*** MATERIAL PROVIDED Section Begins ***
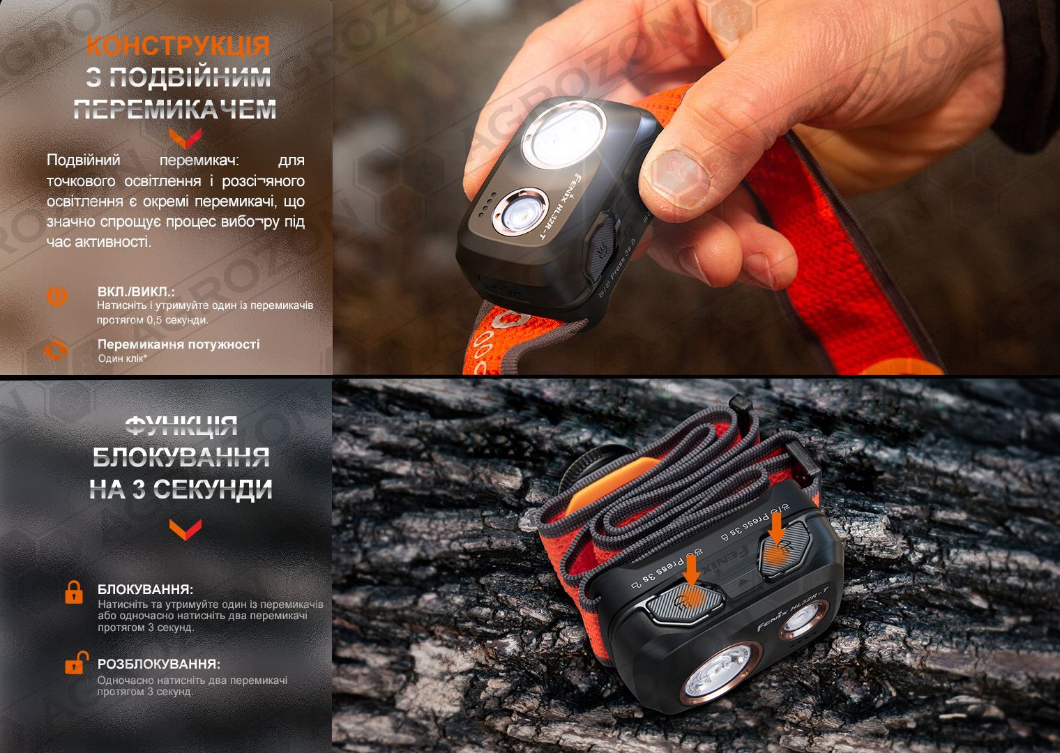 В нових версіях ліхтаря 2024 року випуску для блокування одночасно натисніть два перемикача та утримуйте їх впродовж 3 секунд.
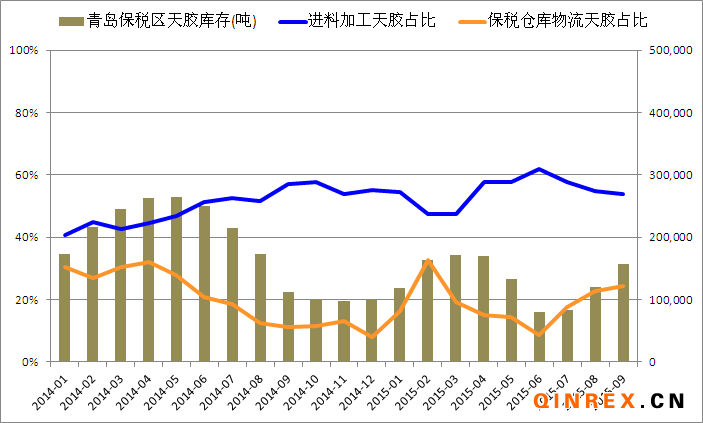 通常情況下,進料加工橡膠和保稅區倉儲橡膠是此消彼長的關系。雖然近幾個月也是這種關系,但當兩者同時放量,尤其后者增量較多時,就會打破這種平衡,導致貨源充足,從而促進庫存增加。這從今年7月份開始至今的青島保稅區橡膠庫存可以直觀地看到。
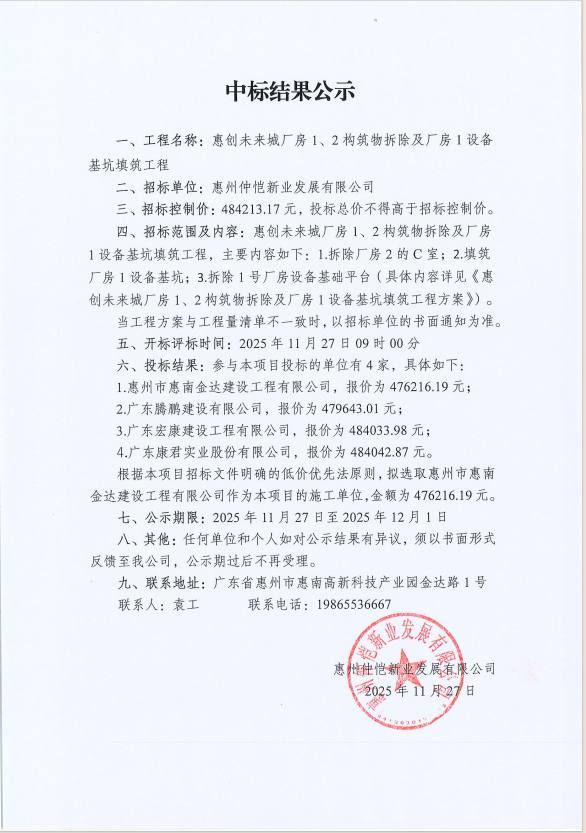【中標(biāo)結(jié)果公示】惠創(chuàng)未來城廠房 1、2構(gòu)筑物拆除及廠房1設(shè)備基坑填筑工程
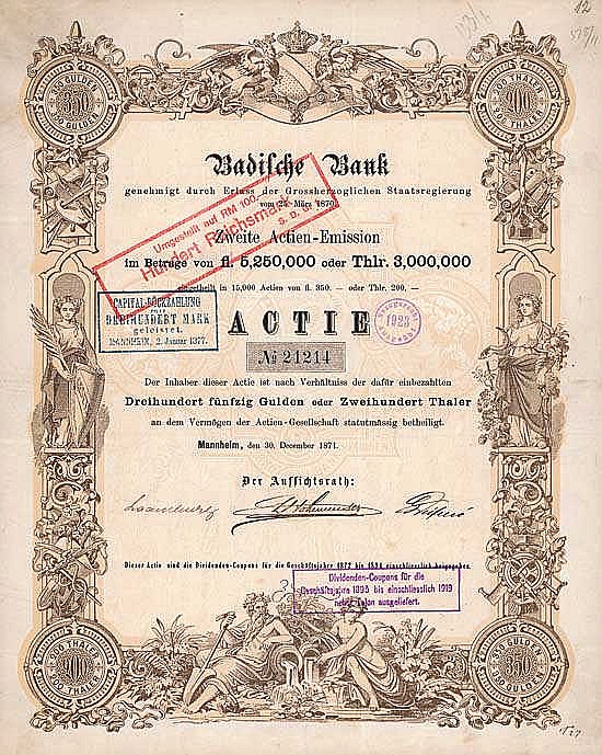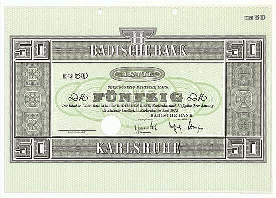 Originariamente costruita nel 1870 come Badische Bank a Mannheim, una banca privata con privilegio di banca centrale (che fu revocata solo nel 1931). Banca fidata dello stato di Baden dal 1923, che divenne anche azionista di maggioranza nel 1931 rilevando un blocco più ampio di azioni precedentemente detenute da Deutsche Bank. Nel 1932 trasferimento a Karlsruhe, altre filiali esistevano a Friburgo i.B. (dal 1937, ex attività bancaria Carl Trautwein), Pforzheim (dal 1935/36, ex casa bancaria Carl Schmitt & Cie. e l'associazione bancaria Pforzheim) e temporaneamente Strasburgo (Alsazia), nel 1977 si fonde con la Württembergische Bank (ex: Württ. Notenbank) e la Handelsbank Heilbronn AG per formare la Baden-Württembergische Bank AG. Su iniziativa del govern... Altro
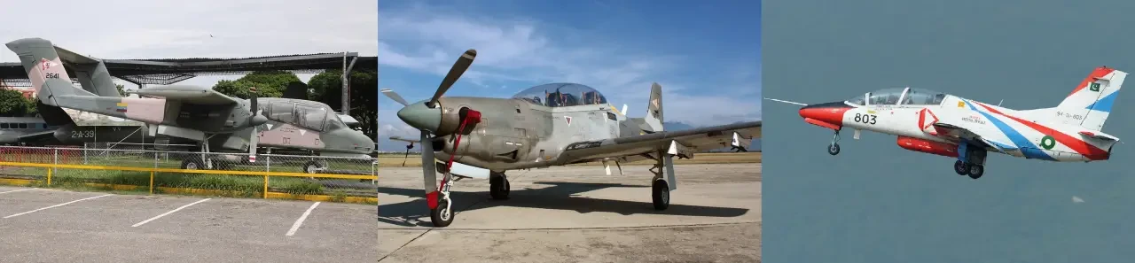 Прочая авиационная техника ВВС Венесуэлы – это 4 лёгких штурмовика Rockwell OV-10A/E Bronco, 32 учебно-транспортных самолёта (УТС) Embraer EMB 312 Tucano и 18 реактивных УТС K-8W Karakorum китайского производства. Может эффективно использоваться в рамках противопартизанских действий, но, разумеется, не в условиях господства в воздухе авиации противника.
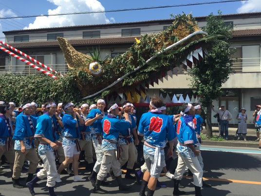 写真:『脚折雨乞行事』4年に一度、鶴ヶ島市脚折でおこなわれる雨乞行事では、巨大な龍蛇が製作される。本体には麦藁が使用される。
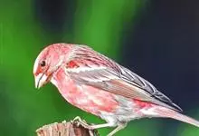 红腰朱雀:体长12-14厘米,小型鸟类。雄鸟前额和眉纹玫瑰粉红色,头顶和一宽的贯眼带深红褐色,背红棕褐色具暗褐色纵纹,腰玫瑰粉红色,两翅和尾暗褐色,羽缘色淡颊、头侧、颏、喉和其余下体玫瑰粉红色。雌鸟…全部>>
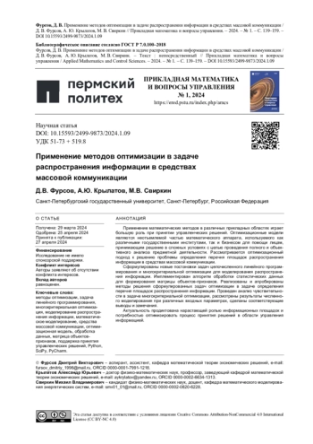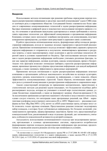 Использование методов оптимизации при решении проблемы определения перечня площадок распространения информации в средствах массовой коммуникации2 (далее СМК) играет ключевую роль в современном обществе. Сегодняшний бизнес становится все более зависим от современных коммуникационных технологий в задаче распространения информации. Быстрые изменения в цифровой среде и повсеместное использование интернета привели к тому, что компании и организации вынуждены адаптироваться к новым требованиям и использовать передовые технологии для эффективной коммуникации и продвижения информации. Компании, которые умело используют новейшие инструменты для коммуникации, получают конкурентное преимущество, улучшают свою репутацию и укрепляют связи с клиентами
*** MATERIAL PROVIDED Section Ends ***
*** MATERIAL PROVIDED Section Begins ***
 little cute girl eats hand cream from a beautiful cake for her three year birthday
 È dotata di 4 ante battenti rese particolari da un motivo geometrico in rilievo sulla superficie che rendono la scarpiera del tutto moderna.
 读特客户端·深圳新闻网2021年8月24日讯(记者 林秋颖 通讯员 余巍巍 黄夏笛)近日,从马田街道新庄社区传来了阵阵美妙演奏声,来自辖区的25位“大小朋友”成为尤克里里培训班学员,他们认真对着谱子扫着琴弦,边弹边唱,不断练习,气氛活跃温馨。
*** MATERIAL PROVIDED Section Ends ***
Give again, word for word, every line of the listing above from the one with "È dotata di" to the one with "读特客户端·深圳新闻网2021年8月24日讯(记者 林秋颖 通讯员", both inclusive, and nothing beyond them.

**TASK RESULT**
 È dotata di 4 ante battenti rese particolari da un motivo geometrico in rilievo sulla superficie che rendono la scarpiera del tutto moderna.
 读特客户端·深圳新闻网2021年8月24日讯(记者 林秋颖 通讯员 余巍巍 黄夏笛)近日,从马田街道新庄社区传来了阵阵美妙演奏声,来自辖区的25位“大小朋友”成为尤克里里培训班学员,他们认真对着谱子扫着琴弦,边弹边唱,不断练习,气氛活跃温馨。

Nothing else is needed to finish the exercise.